I just used the "inverse" problem as an svd example, Fredrik. I don't  
generally compute inverses.

Here is the kind of "noisy" data problem I am thinking of. Suppose  
you are interested in 50 equity "funds" and you have 50 vectors of 39  
successive 13-week returns. Then you can compute 50 expected returns  
(assuming some kind of weighting, perhaps uniform, of the individual  
returns) and 50 vectors of deviations from these expected returns.  
Think of the deviation vectors as the risks of the individual funds.  
Your problem: express expected return as a linear function of risk.
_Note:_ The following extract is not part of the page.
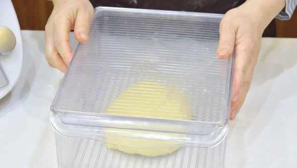 4.取出揉好的面团收圆,放入醒发盒中,室温下醒发60-90分钟;

For this problem you want to solve

    e' * R = E

for the 39 x 1 expected return vector e, where R is the 39 x 50 risk  
matrix and E is the 1 x 50 matrix of expected returns. None of your  
data, being ultimately based on dollars and cents prices per share,  
has even 6 digit accuracy. This is a problem where the svd approach  
with svdcut = 1e-6 would seem to be a natural choice. But you  
definitely would NOT compute the "pseudoinverse" of R to solve the  
problem.

Regards,

Vic

On Jul 1, 2008, at 4:41 AM, Fredrik Lingvall wrote:

> Vic Norton wrote:
>> On Jun 30, 2008, at 5:16 PM, Jaroslav Hajek wrote:
>>
>>
>>>> SVD is the best solution in this case. For example, to
>>>> invert a matrix A choose an svd "precision", say
>>>>
>>>>    svdcut = 1e-12;
>>>>
>>>> Then do
>>>>
>>>>    [U S V] = svd(A, 1);
>>>>    sig = diag(S);
>>>>    rnk = 0;
>>>>    for i = 1 : length(sig)
>>>>       if sig(i)/sig(1) < svdcut; break; endif
>>>>       rnk++;
>>>>    endfor
>>>>    Ainv = ( V(:, 1:rnk) * diag(1 ./ sig(1:rnk)) ) * U(:, 1:rnk)';
>>>>
>>>> to get the (pseudo)inverse of A.
>>>>
>>> or just use "pinv".
>>>
>>
>> What is the "precision" of "pinv"? If your data only is accurate  
>> to 6  digits, why try for anything more accurate than svdcut =  
>> 1e-7 would  produce? Any additional "accuracy" is pure noise.
>>
>>
>>
> What type of problem is this about? If it is parameter estimation  
> from noisy data then you can't really speak about an "inverse" but  
> you can formulate the problem as an inference problem (e.g., find  
> the most likely estimate given your data and background info (noise  
> variance etc.).
>
> /Fredrik
>